Nothing but the lines below from the one that contains "Ordnen Sie nun" through the one that contains "Kviečiame gimnazijos mokinių" should be retyped, exactly and including both ends. Do not include pictures.

◆ Source data
* * * * * * * * *

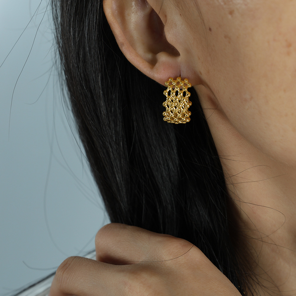 Stainless Steel Stud Earrings, 304 Stainless Steel, plated, fashion jewelry & for woman & hollow, golden, Sold By Pair
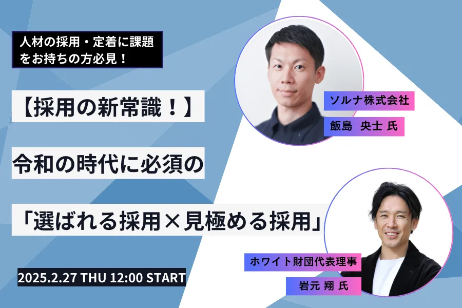 このウェビナーでは、採用活動を通じて経営に与える影響や、最適な人材を見抜くための方法論を解説します。講師には、ホワイト企業認定を推進する岩元翔氏と、ソルナ株式会社でWebリスクコンサルタントとして活躍する飯島央士氏を迎え、具体的な施策を紹介します。
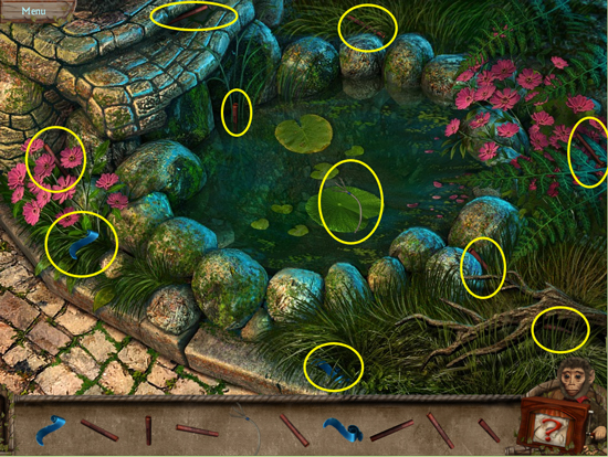 * Go back to the pond and play the hidden object area there
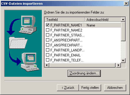 Ordnen Sie nun die Felder zu. D.h. es muss nun die Übersetzung der Feldnamen aus HELIUM V, genauer aus der Exportdatei der Empfängerliste bzw. den von Ihnen in der Tabellenkalkulation benannten Spaltenüberschriften auf die Felder in Outlook durchgeführt werden.
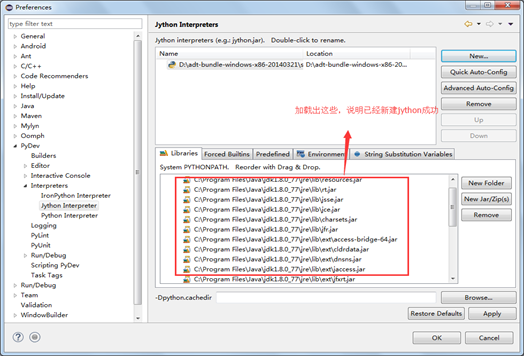 加載完成後,點擊Apply-OK,即完成Jython的環境配置。
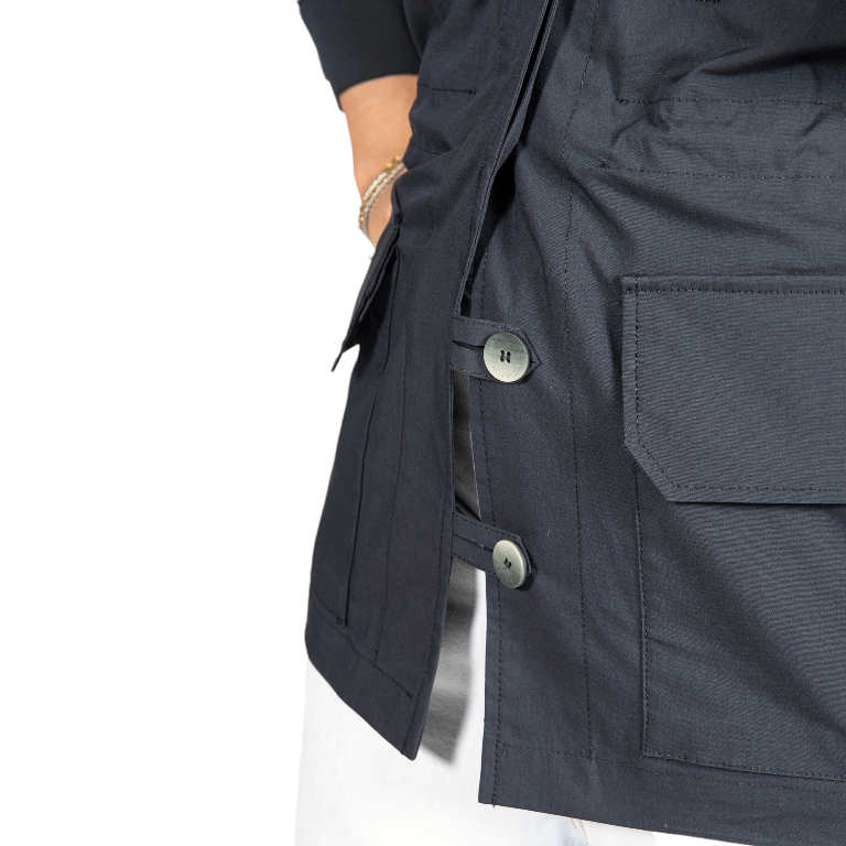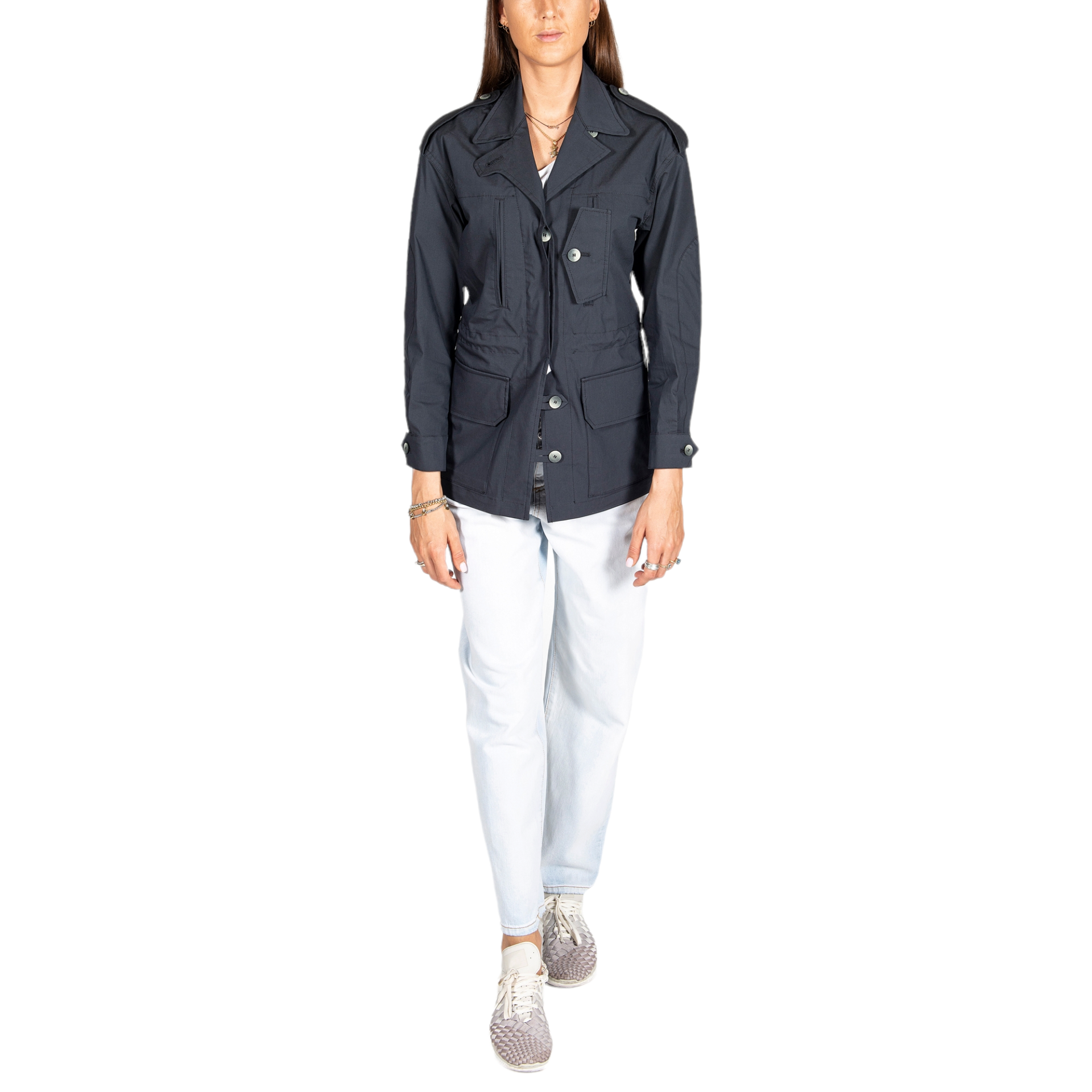 Giacca sahariana con abbottonatura monopetto, tasche asimmetriche. Spalla over con manica scesa, collo a camicia in perfetta army style.
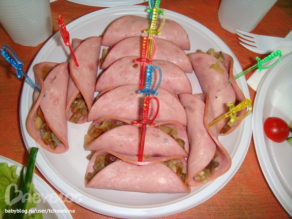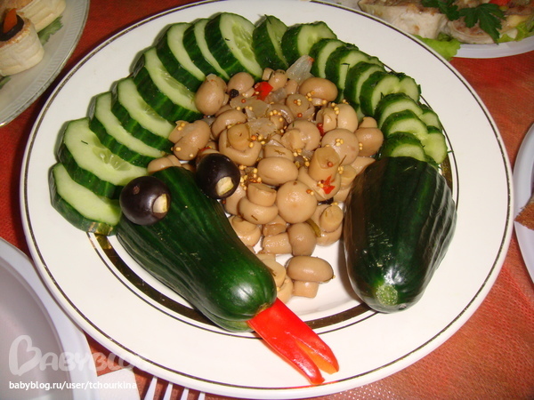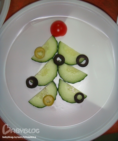 И белые тарелки (пустые) я не люблю. Так что на каждой была елка из огурца:
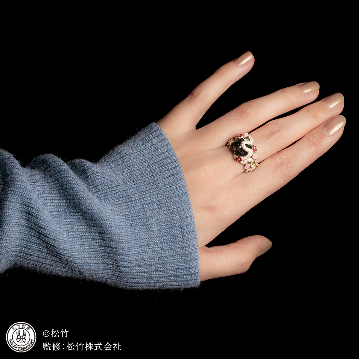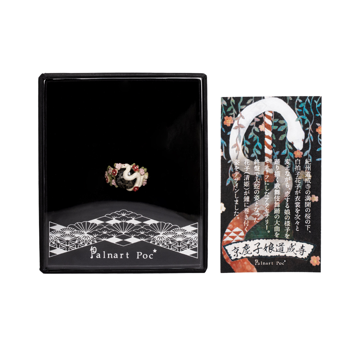 物語の終盤で、大蛇の姿となった花子(清姫)が鐘に巻き付く情景をリングで表現しました。 作中で花子が身に着けている枝垂桜の着物を思わせる、桃色と赤色の花々が華やかで美しいアイテム。美しい舞を思わせるような、白蛇の凛とした表情が印象的です。
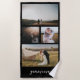 Modern beach towel featuring a simple and minimal design with a photo collage of four of your favourite wedding pictures along with your name in an elegant script over a black background. This custom beach towel is perfect for a new bride.
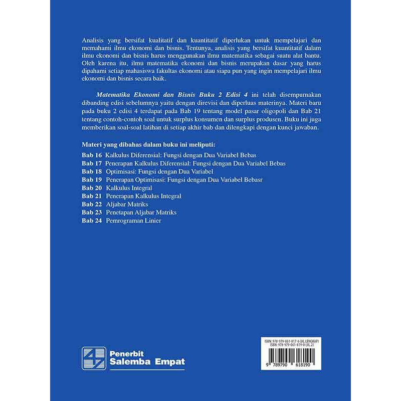 Matematika Ekonomi Dan Bisnis Edisi 4 Buku 2 Josep Bintang Kalangi
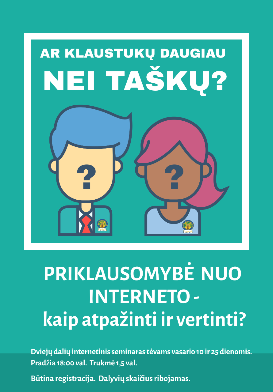 Kviečiame gimnazijos mokinių tėvus registruotis į internetinį seminarą „Priklausomybė nuo interneto – kaip atpažinti ir vertinti?“
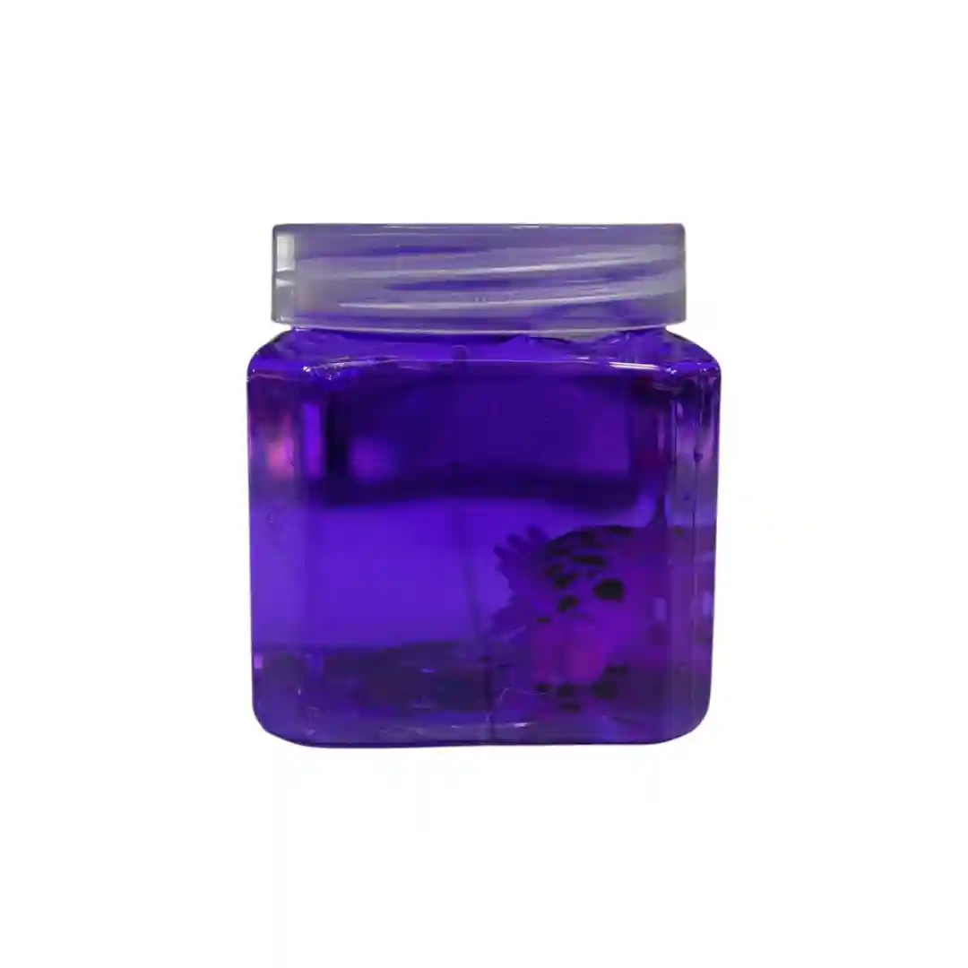 Pero lo que realmente hace especial a este producto es la sorpresa que esconde en su interior. Dentro del slime azul, podemos ver una figurita de un dinosaurio de color naranja, ¡parece que está nadando en el mar! En el slime morado, se asoma la silueta de otro dinosaurio, aunque no se distingue con total claridad, la emoción de descubrirlo es parte de la diversión. ¡Es como un pequeño tesoro prehistórico esperando a ser desenterrado!

* * * * * * * * *

◆ ANSWER AREA
 Ordnen Sie nun die Felder zu. D.h. es muss nun die Übersetzung der Feldnamen aus HELIUM V, genauer aus der Exportdatei der Empfängerliste bzw. den von Ihnen in der Tabellenkalkulation benannten Spaltenüberschriften auf die Felder in Outlook durchgeführt werden.
 加載完成後,點擊Apply-OK,即完成Jython的環境配置。
 Giacca sahariana con abbottonatura monopetto, tasche asimmetriche. Spalla over con manica scesa, collo a camicia in perfetta army style.
 И белые тарелки (пустые) я не люблю. Так что на каждой была елка из огурца:
 物語の終盤で、大蛇の姿となった花子(清姫)が鐘に巻き付く情景をリングで表現しました。 作中で花子が身に着けている枝垂桜の着物を思わせる、桃色と赤色の花々が華やかで美しいアイテム。美しい舞を思わせるような、白蛇の凛とした表情が印象的です。
 Modern beach towel featuring a simple and minimal design with a photo collage of four of your favourite wedding pictures along with your name in an elegant script over a black background. This custom beach towel is perfect for a new bride.
 Matematika Ekonomi Dan Bisnis Edisi 4 Buku 2 Josep Bintang Kalangi
 Kviečiame gimnazijos mokinių tėvus registruotis į internetinį seminarą „Priklausomybė nuo interneto – kaip atpažinti ir vertinti?“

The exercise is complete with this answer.